Influence of Acidity on the Methanol-to-DME Reaction in Zeotypes: A First Principles-Based Microkinetic Study

Abstract

Acidity is considered a key factor in zeotype-based catalysts. Here, the effect of acidity in the methanol-to-DME reaction is investigated using first-principles calculations and microkinetic modeling, thereby establishing a connection between acididity and kinetics. The CHA, MFI, and BEA frameworks are investigated, and the acidity of the Brønsted hydroxyl group is varied by exchanging a T-site Si with Al, B, Ga, and Fe in the zeolites, along with SAPO-34, Mg-AlPO-34, Zn-AlPO-34, and Ti-AlPO-34 zeotypes with the CHA structure, and as a result, the Brønsted hydroxyl group spans a wide range of acidity. Clear trends in adsorption and transition-state energies are found and by means of linear regression, we obtain scaling relations of relevant energies that are later used as input in a mean-field steady-state microkinetic model. This study confirms that both the shift in frequency of the Brønsted hydroxyl stretch, ΔfOH, caused by adsorption of CO and the ammonia adsorption energy, ΔEammonia, on the Brønsted site are equivalent descriptors for the acidity of the Brønsted acid site and the reactivity of the different zeotypes relevant for the methanol-to-DME reaction.
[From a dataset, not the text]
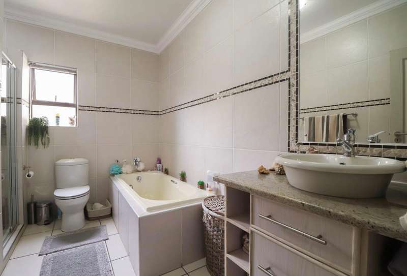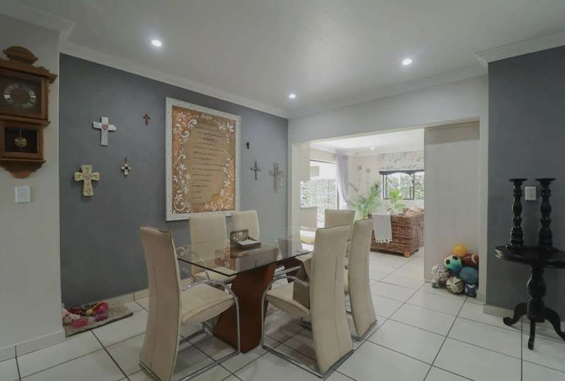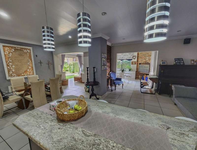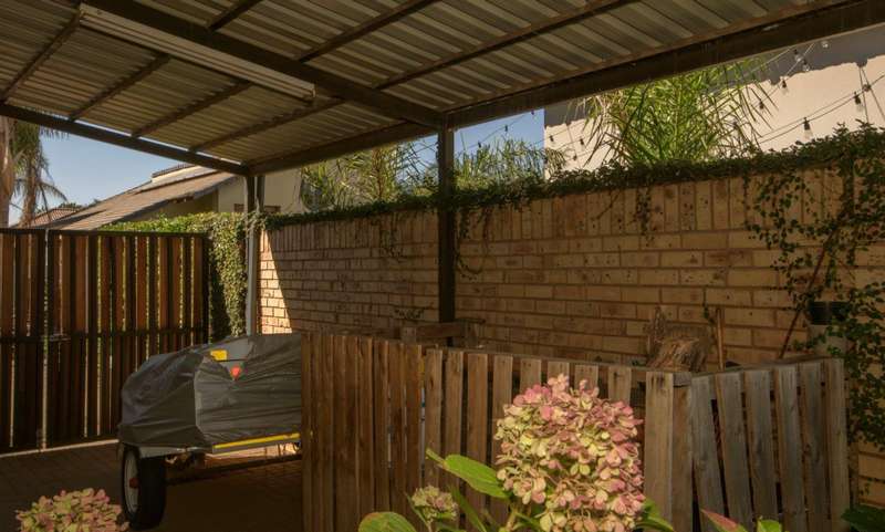 Modern, minimalist unit, situated in the exclusive Bordeaux estate, in the heart of Wilkoppies. An open floor plan, living space opens in front of you as you enter through the entryway. Neatly tiled, with dedicated living areas. The entertainment area opens out into the garden and has a built-in braai, allowing a family braai, all year round. Kitchen is an absolute eye catcher, dark wooden cabinetry, granite tops, low hanging pendant lights over the breakfast counter. Scullery/laundry is tucked around the corner, out of sight. Bedrooms are a true escape, looking out onto the well-established private garden. And then there are the two bathrooms if you ever needed to regenerate after a long day. Located among the lush green scenery of the garden, sits a sparkling blue pool, just the way to escape the warm summer days. At the side of the double garage, is a Steel carport, for those all-important grownup toys. Neatly paved underneath with lockable gate at the front. Additional benefits of the unit include, 5kWh inverter system, computerized irrigation system and water filtration system. Complex offers 24 hour security and green open areas.

It further shows that a full microkinetic model is needed to accurately describe the reaction over the whole range of temperatures. However, if focusing on low temperatures, where the associative mechanism is dominating the reaction, a simple rate-determining step model is actually able to describe the results with satisfying agreement (deviation of the rate by less than a factor of two).